Amongst Janusz’s new companions are a grizzled American (Ed Harris) and a brutal Russian criminal (Colin Farrell), while in the course of their journey southward they meet another young Polish refugee, Irina (Saoirse Ronan). Their initial plan to follow the shore of Lake Baikal and cross the border into Mongolia runs into trouble and it becomes clear their only hope of freedom is to try to cross the Gobi desert and the Himalayas, with India as their ultimate goal.

Given the scope of the story and Weir’s track record when it comes to epic, yet engrossing dramas, I went to see The Way Back with high expectations. And it scores in a number of departments – the scenery and photography throughout is stunning, and the performances are honest and convincing.

However, while the scope of the story is stunning, the actual detail of it isn’t that involving. Fatally, some of the members of the escaping group remain rather anonymous until the journey is well underway, and they’re not that well delineated even then. Not a huge amount happens, either in terms of the group’s internal interactions or the things they encounter on the way. (For some reason, the actual escape itself takes place off-screen.) The film devolves into the characters wandering along, worrying about getting lost and finding things to eat and drink, with only the landscape going through any significant change.

None of the pictures from the film were that interesting or funny, so here's a photo of Blake's 7 instead. Hurrah!

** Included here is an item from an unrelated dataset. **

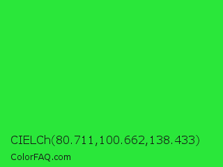 CIELCh 80.711,100.662,138.433 Color is a normal green color and the nearest color is Lime Green #32cd32. Hex code #2ae73a and RGB value is rgb(42,231,58). In RGB color space, this color is composed of 16% red, 91% green, 23% blue, In CMYK color space, this color is composed of 82% cyan, 0% magenta, 75% yellow , 9% black , In HSL color space, this color has a hue angle of 125° , 80% saturation and 54% lightness.

That said, the movie isn’t cliched and I suspect most people will be surprised at the identities of the characters who fall by the wayside in the course of the trek. It does, however, jump through some startling narrative hoops when it comes to language – initially it’s all in subtitled Russian (fine by me, as it allowed me to check in on the deterioration of my rooski yazik), but abruptly switches to accented English a few minutes in. Fair enough, thought your reviewer, it’s a translation convention… but no! It’s made clear that for some reason the Poles and Russians and other eastern Europeans are all choosing to speak in English throughout most of their journey, which is considerate of them and fortunate for Harris’s character (and the audience). I’m being disingenuous, of course – there are very sound commercial reasons why this film isn’t in a foreign language. Personally I don’t worry that much about verisimilitude, though – but then again I’m not the National Geographic people, who produced this film…

I suspect that may be a bit of a metaphor for the problems with The Way Back – it frets a bit too much about mundane details and in doing so forgets about being appropriately sweeping and epic and moving. This is by no means a bad film, but I didn’t emerge particularly thrilled or uplifted or caring about the characters (though I did emerge with a few ideas for possible future holiday destinations). Not inappropriately given the subject matter, The Way Back is really a bit of a plodder.